C++ binary serialization speed is comparable with std::memmove

Measuring std::memmove speed

I wrote a simple test that outputs std::memmove speed to the console:

AWT_ATTRIBUTE(size_t, element_count, 1000000);

std::unique_ptr<uint8_t> p_src(new uint8_t[element_count]);
std::memset(p_src.get(), 25u, element_count);

std::unique_ptr<uint8_t> p_dst(new uint8_t[element_count]);

context.out << _T("std::memmove: ");

awl::StopWatch w;

std::memmove(p_dst.get(), p_src.get(), element_count);

ReportSpeed(context, w, element_count);

context.out << std::endl;

And the similar tests for std::memset and std::vector::insert.

The possible test results on my home machine with Intel i7-9700 CPU, Windows 10 and MSVC 2017 can be:

AwlTest.exe --output all --filter VtsMem.* --element_count 10000000

AwlTest.exe --output all --filter VtsMem.* --element_count 1000000

std::memmove speed varies from 2900 MB/sec to 3900.00 MB/sec across multiple test runs (source and destination buffers are not in the processor cache, because std::memmove is executed one time).

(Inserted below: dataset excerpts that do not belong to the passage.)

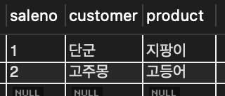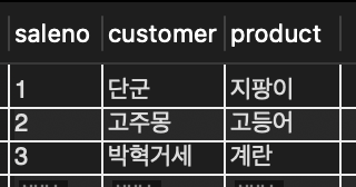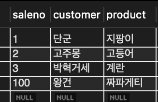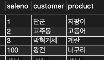 INSERT INTO tSale (saleno, customer, product) VALUES (2,'고주몽', '고등어');
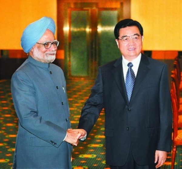 胡锦涛指出,当今世界正处在大变革大调整之中,一个突出特点是中印等发展中大国兴起,这是任何力量都阻挡不了的。作为发展中大国,中印都面临着发展经济、改善民生的共同任务,肩负着维护世界和平、促进共同发展的重要使命。在气候变化、能源安全、粮食安全、多哈回合谈判等问题上,中印面临着共同的压力和挑战,有着相同或相近的立场和主张。中方愿同印方加强沟通和协调,维护发展中国家的正当权益,实现共同发展。
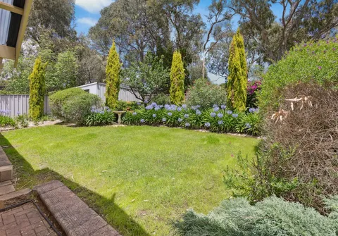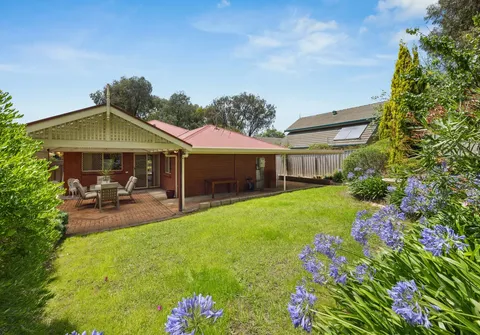 Transition outdoors to a sizable rear yard, featuring a pitched roof pergola—an ideal setting for outdoor relaxation and alfresco dining. The garden, graced with established plants and lush grass, creates a serene backdrop for your outdoor activities.
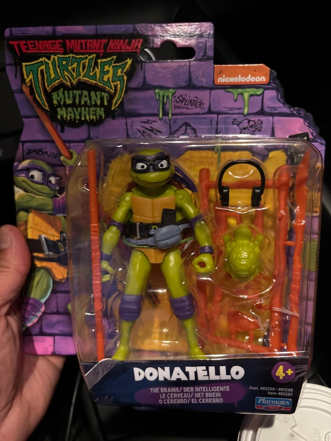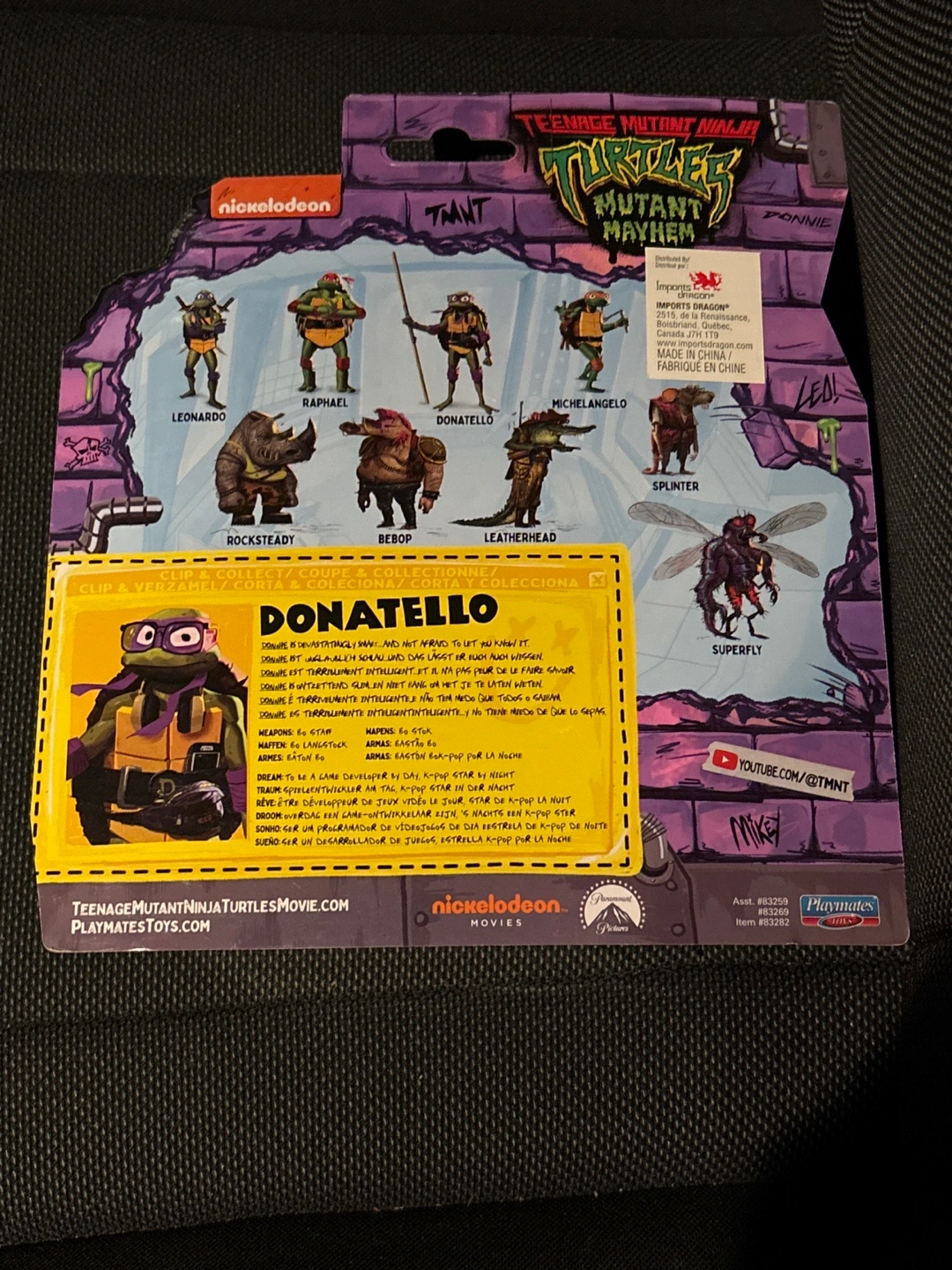 Selling a brand new Teenage Mutant Ninja Turtles Mutant Mayhem Donatello action figure! This figure is still in its original packaging and ready for a new home. It's perfect for fans of the TMNT franchise or collectors. Includes Donatello figure with accessories.

Measuring the serialization performance

Writing speed

I write A1 and B1 structures instances into a stream with the following code:

struct A1
{
    int a;
    double b;
    std::string c;

    AWL_REFLECT(a, b, c)
};

struct B1
{
    int x;
    bool y;

    AWL_REFLECT(x, y)
};

static const A1 a1_expected = { 1, 2.0, "abc" };
static const B1 b1_expected = { 1, true };

template <class OutputStream>
std::chrono::steady_clock::duration WriteDataV1(OutputStream & out, size_t element_count, bool with_metadata)
{
    OldContext ctx;
    ctx.Initialize();

    {
        auto & a1_proto = ctx.FindNewPrototype<A1>();
        AWT_ASSERT(a1_proto.GetCount() == 3);

        auto & b1_proto = ctx.FindNewPrototype<B1>();
        AWT_ASSERT(b1_proto.GetCount() == 2);
    }

    if constexpr (std::is_base_of_v<awl::io::SequentialOutputStream, OutputStream>)
    {
        if (with_metadata)
        {
            ctx.WriteNewPrototypes(out);
        }
    }
    else
    {
        assert(!with_metadata);
        static_cast<void>(with_metadata);
    }

    awl::StopWatch w;

    for (size_t i : awl::make_count(element_count))
    {
        static_cast<void>(i);
            
        awl::io::WriteV(out, a1_expected, ctx);
        awl::io::WriteV(out, b1_expected, ctx);
    }

    return w;
}

And use a specific test stream with WriteArithmetic function:

class MemoryOutputStream
{
public:

    MemoryOutputStream(size_t size) : m_size(size), pBuf(new uint8_t[size]), m_p(pBuf)
    {
        std::memset(pBuf, 0u, m_size);
    }

    ~MemoryOutputStream()
    {
        delete pBuf;
    }

    constexpr void Write(const uint8_t * buffer, size_t count)
    {
        StdCopy(buffer, buffer + count, m_p);
        m_p += count;
    }

    template <class T>
    std::enable_if_t<std::is_arithmetic_v<T>, void> WriteArithmetic(const T val)
    {
        uint8_t * const new_p = m_p + sizeof(val);

        if (static_cast<size_t>(new_p - pBuf) > m_size)
        {
            throw GeneralException(_T("overflow"));
        }

        *(reinterpret_cast<T *>(m_p)) = val;
        m_p = new_p;
    }

    size_t GetCapacity() const
    {
        return m_size;
    }

    size_t GetLength() const
    {
        return m_p - pBuf;
    }

    void Reset()
    {
        m_p = pBuf;
    }

private:

    const size_t m_size;
    uint8_t * pBuf;
    uint8_t * m_p;
};

Usually we specialize awl::io::Write template function for a type being serialized, but I also specialized awl::io::Write for my concrete stream as follows:

template <typename T>
inline std::enable_if_t<std::is_arithmetic_v<T> && !std::is_same_v<T, bool>, void> Write(MemoryOutputStream & s, T val)
{
    s.WriteArithmetic(val);
}

template <>
inline void Write(MemoryOutputStream & s, bool b)
{
    uint8_t val = b ? 1 : 0;

    s.WriteArithmetic(val);
}

thus I speed up the serialization of arithmetic types due to the fact that their sizes are known at compile time and so m_p is increased by a constant and they are copied without looping.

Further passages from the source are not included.